Passado esse primeiro momento
de surpresa, abriam seus corações
e falavam sobre o que tinha acontecido e sobre os problemas mais
graves que, na sua opinião, estão
presentes hoje.
Ficou logo claro, para nós, que
podíamos dividir nossos interlocutores em dois grupos distintos.
No primeiro estavam aqueles
que haviam participado, com corpo e alma, do delírio liberal que
tomou conta do país nos últimos
anos. Para eles, não havia futuro
e a Argentina deve caminhar para uma anarquia ainda maior. Os
políticos no poder são irresponsáveis, incapazes e corruptos. Enxergam uma crise social sem precedentes nos próximos meses. Um
de nossos interlocutores falou de
um conselho dado pela embaixada de um grande país europeu para que seus cidadãos deixem imediatamente o país. O governo Duhalde vai entrar em colapso, novas eleições serão convocadas e
uma deputada populista de esquerda será eleita presidente. Percebi claramente que, talvez oprimidos pela culpa de terem participado de uma experiência irresponsável, falavam mais com o fígado do que com a razão.

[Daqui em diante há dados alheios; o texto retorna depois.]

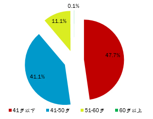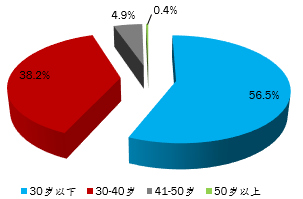 年龄方面,学员平均年龄为29岁,其中30岁以下的有24804人,占比56.5%;30-40岁的有16785人,占比38.2%;41-50岁的有2156人,占比4.9%,50岁以上的有157人,占比0.4%。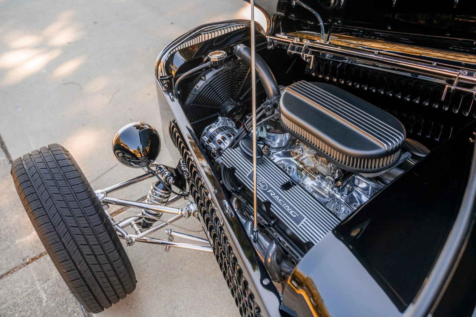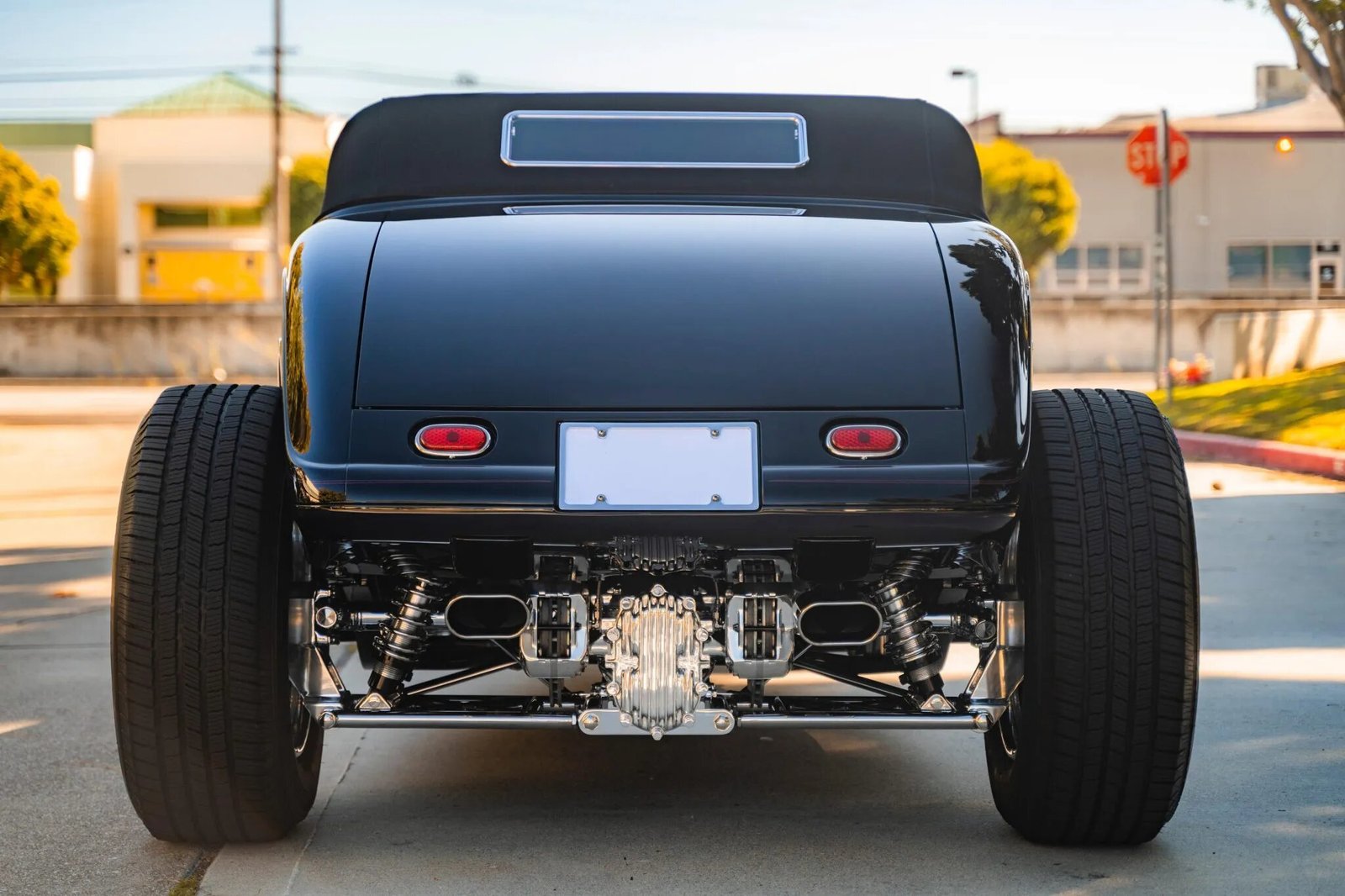 Produced by American Speed Company of Detroit, Michigan, the Speed33 body is constructed of 18-gauge steel and features an integrated stainless steel windshield frame as well as coach doors that pivot on concealed hinges. Sid Chavers supplied this example’s convertible top, which integrates a CoolSlot rear window and stows beneath a double-hinged tonneau panel.

Em um segundo grupo, formado
por aqueles que foram críticos dos
anos Menem e conseguiram entender os erros cometidos, podíamos encontrar alguma esperança.
Apesar de reconhecerem nos líderes políticos um total despreparo
para enfrentar os desafios de hoje,
acreditam que a percepção de que
eles serão os próximos a serem arrastados pela rua e a força de alguns setores da economia que se
modernizaram nos últimos anos
abrem algum espaço para estabilizar a economia e devolver algum
crescimento ao país.
Desse grupo conseguimos tirar
uma avaliação mais fria da situação e alguns dados mais concretos
sobre o futuro. Algumas dessas informações são terríveis e assustadoras. A renda anual per capita
dos argentinos deve cair de algo
como US$ 8.000 para baixo dos
US$ 2.000 nos próximos anos.
Igual à da Bolívia! A dívida pública deve pular de 50% do PIB para
mais de 100% do PIB por conta da
desvalorização do peso. O país
não tem mais um sistema financeiro que funcione por conta dos
prejuízos dos bancos e da ruptura
dos contratos da economia.
Outros trazem algum alento como a estimativa de que o saldo da
balança comercial deve ficar entre
US$ 12 bilhões e US$ 16 bilhões em
2002 se houver alguma estabilidade política e que a produção agrícola pode chegar a 100 milhões de
toneladas nos próximos anos.
Além disso, parte da indústria Argentina modernizou-se muito nos
últimos anos e deve avançar com
o estímulo do peso desvalorizado.
Voltamos ao Brasil revoltados
com os responsáveis, no setor privado e público, pelo surto de liberalismo radical que está no centro
da "débâcle" de um país outrora
rico e orgulhoso. Penso que a probabilidade de uma saída ordenada da crise não é maior do que
30% hoje. Pior, não conseguimos
imaginar um futuro com as lideranças políticas e empresariais
que a Argentina tem hoje.
Luiz Carlos Mendonça de Barros, 59,
engenheiro e economista, é sócio e editor do site de economia e política Primeira Leitura. Foi presidente do BNDES e ministro das Comunicações (governo FHC).